I recently added 10 Peacocks/Haps all at the same time from a reputable LFS. I have the names to them or at least what the store said their names are but since I got them all at once and they're all juvies, I'm having a hard time figuring out who's who. It wouldn't matter so much for now but I just lost one and want to replace it while they are all still the same size so I need to know what I lost. Also if anyone can help confirm male or female that would be great. All fish are 2"- 2 1/2". *Click on images for High Res pics and more detail!*

1) blueish lips and blue tips on pelvic and dorsal fin:

2) This is the one that died:
 
3)

4) Yellow patch developing behind gills:
 
5) Very strong blue tones throughout:
 
6)
 
7) Blue head. Orange developing behind gills. Orange trim on all fins. Horizontal line starting to connect vertical barring? Camera doesn't do this one justice:
 
8 )
 
9) Dorsal, anal fin and tail all have defined red trim that camera doesn't really capture well:
 
10)


Here are the 10 names that I *think* I have in no particular order:
Aulonocara koningsi (Blue Regal)
Aulonocara baenschi (Benga, New yellow Regal)
Aulonocara stuartgranti (Flavescent, Usisya)
Protomelas fenestratus
Protomelas sp. "Steveni Taiwan" (Taiwan Reef)
Copadichromis borleyi (Red Fin, Kadango)
Sciaenochromis fryeri (Electric Blue, Ahli)
Pundamilia nyererei (Ruti Is.) Lake Victoria
Astatotilapia latifasciata (Zebra Obliquidens)
Haplochromis sp. "Flame Back" (Lake Kyoga)


----------



## StructureGuy (Jul 27, 2002)

FlyHigh said:


> 8 )Pundamilia nyererei (Ruti Is.) Lake Victoria


Nope. Not even a Victorian cichlid at all



FlyHigh said:


> 9) Astatotilapia latifasciata (Zebra Obliquidens)

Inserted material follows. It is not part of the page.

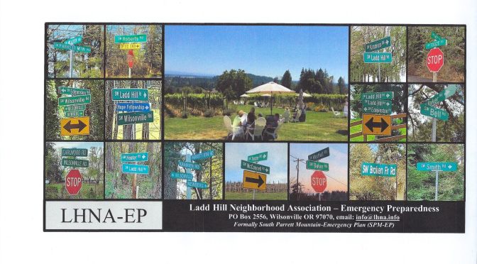 Through the efforts of volunteers, the Ladd Hill Neighborhood Association (LHNA) is working on creating the Ladd Hill Neighborhood Association – Emergency Plan (known as LHNA-EP) to assist in a disaster. LHNA-EP will provide us an immediate course of action until public services are able to reach our area using the volunteer manpower and resources of our neighborhood.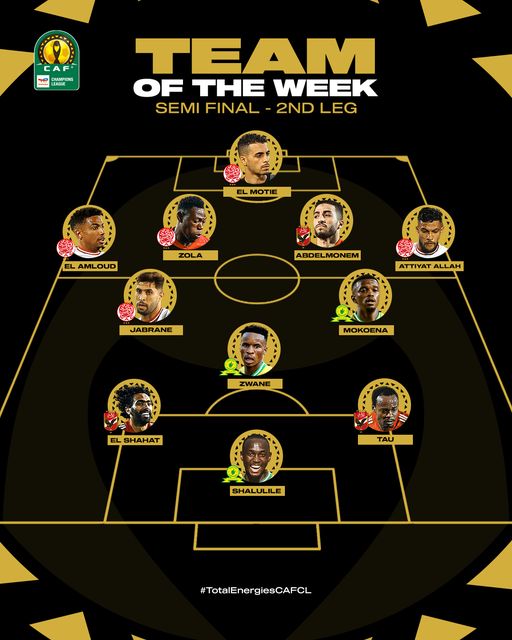 أعلن الاتحاد الأفريقي (كاف) عن التشكيل المثالي لدور نصف النهائي من بطولة دوري أبطال أفريقيا وشهد التشكيل سيطرة عربية بعدما وصل إلى المباراة النهائية نادي الأهلي المصري وفريق الوداد المغربي.

Not even close to Astatotilapia latifasciata. At first glance I thought it was a female victorian, but the anal fin isn't yellowish. Best guess is Pundamilia pundamilia but that is purely a guess.



FlyHigh said:


> 10)Haplochromis sp. "Flame Back" (Lake Kyoga)


Not Haplochromis sp. "Flame Back". Looks to be one of the Hap #44 (thickskins. (Sold as Haplochromis obliquidens.)

Kevin


----------



## FlyHigh (Nov 15, 2009)

thank you so much for your response. The order I listed the names had no relationship to the order I posted the pictures though. Since I am not sure which fish is which, I didn't want to attempt to put names to each fish and maybe bias someone's answers. I just listed the fish I think that I have in hopes that people can help me match the names to the appropriate fish. I'm sorry if I confused you. 

Having said that, maybe you could help put some of those names in random order to the pictures?


----------



## FlyHigh (Nov 15, 2009)

I think you may be on the right track that #10 might then be the Astatotilapia latifasciata (Zebra Obliquidens)


----------



## StructureGuy (Jul 27, 2002)

FlyHigh said:


> I think you may be on the right track that #10 might then be the Astatotilapia latifasciata (Zebra Obliquidens)


The fish sold as Zebra Obliquidens is Astatotilapia latifasciata which isn't what you have.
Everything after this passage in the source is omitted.